▶ What is needed
Please repeat, exactly and without pictures, the lines of the entries below that run from the one containing "Mammoth family silhouetted" through the one containing "Хорошо у нас".

▶ Provided information

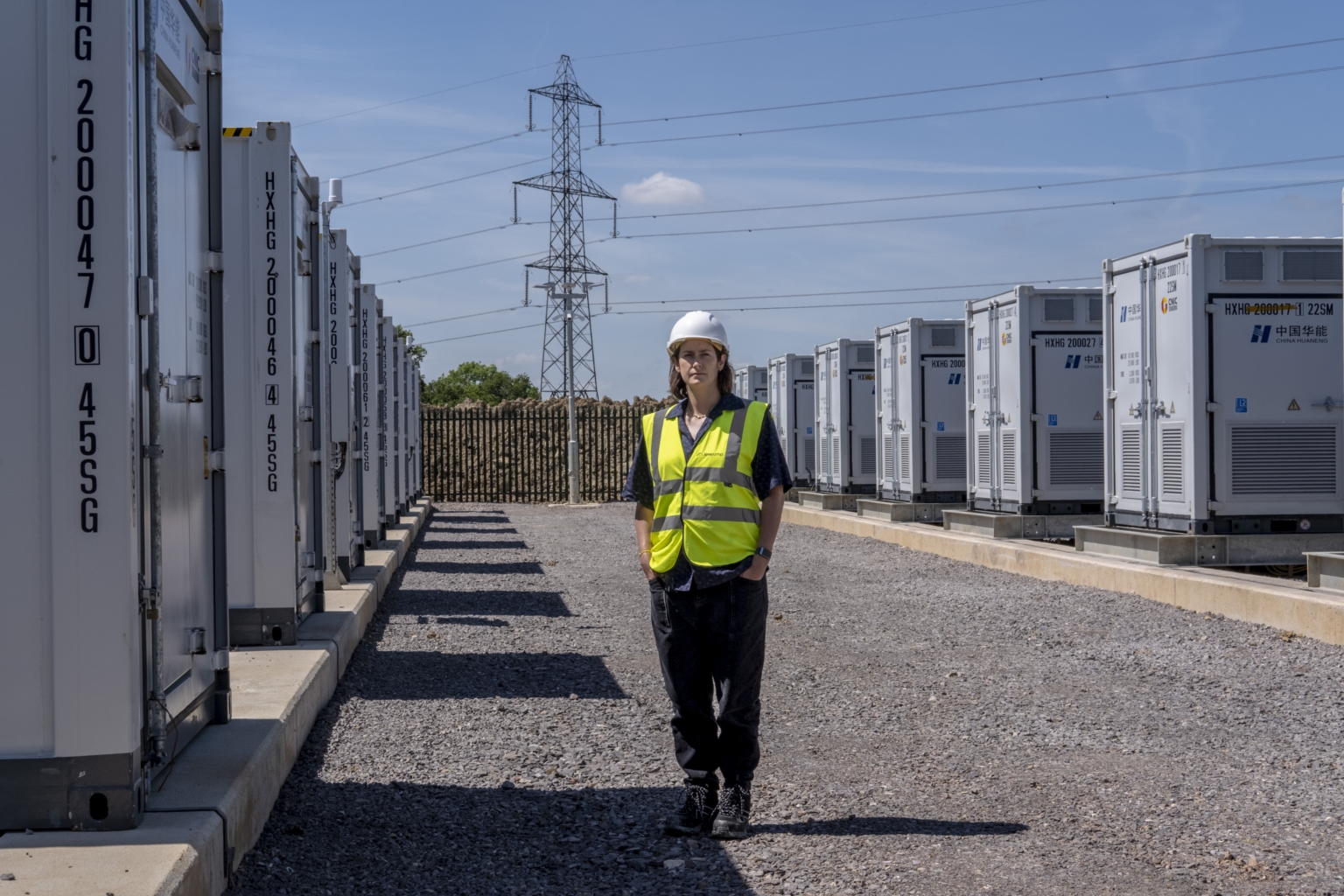 Ms Catherine Newman, chief executive of Limejump, at a battery installation in the village of Minety, England.
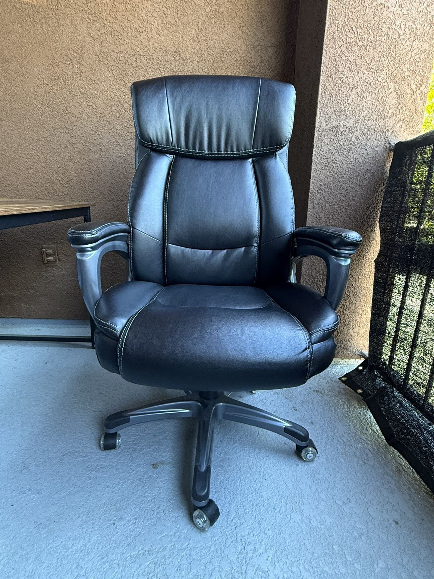 Comfortable executive office chair with thick padding and high back support. Features: • Adjustable height • Rolling wheels • Comfortable armrests • Great for home office or gaming Chair is in good used condition and works perfectly. Pickup in San Diego. Also selling a computer desk if interested in both.
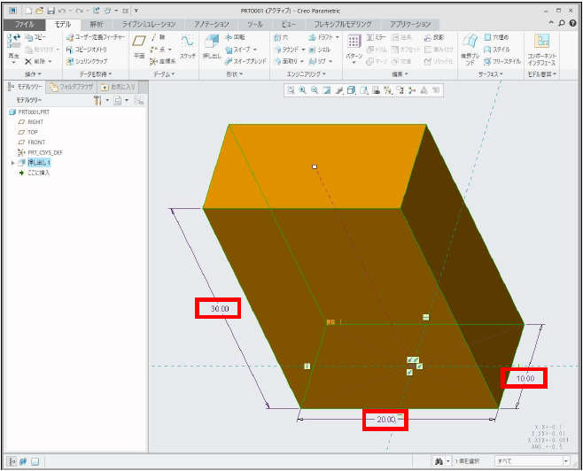 幅20.00、奥行10.00、高さ30.00 のサンプルモデル1 を作成します。
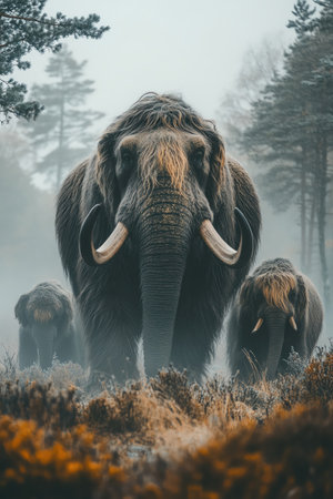 Mammoth family silhouetted in fog, low sun, mysterious landscape
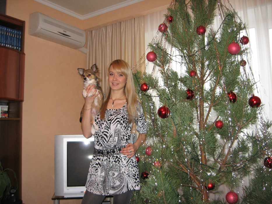 Хорошо у нас елка маленькая, на столике стоит, а то боюсь, мои собики бы тоже ее облюбовали)))):laughing:
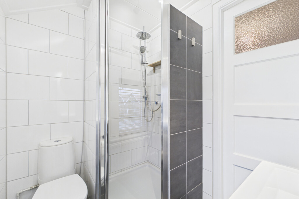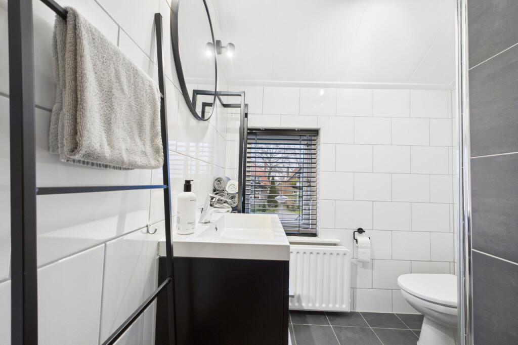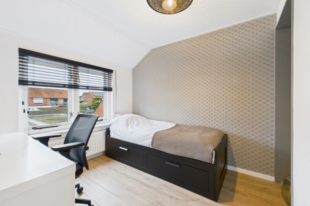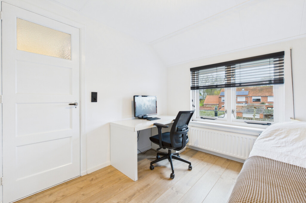 Op de eerste verdieping loopt de overloop langs drie goed ingedeelde slaapkamers, waarvan één is voorzien van een vaste kast. De kamers hebben stuk voor stuk een rustige uitstraling en zijn ideaal als kinderkamer, werkruimte of logeerkamer. De badkamer is fris en licht afgewerkt en biedt een douche, toilet en wastafel met meubel.

▶ Answer section
 Mammoth family silhouetted in fog, low sun, mysterious landscape
 Хорошо у нас елка маленькая, на столике стоит, а то боюсь, мои собики бы тоже ее облюбовали)))):laughing:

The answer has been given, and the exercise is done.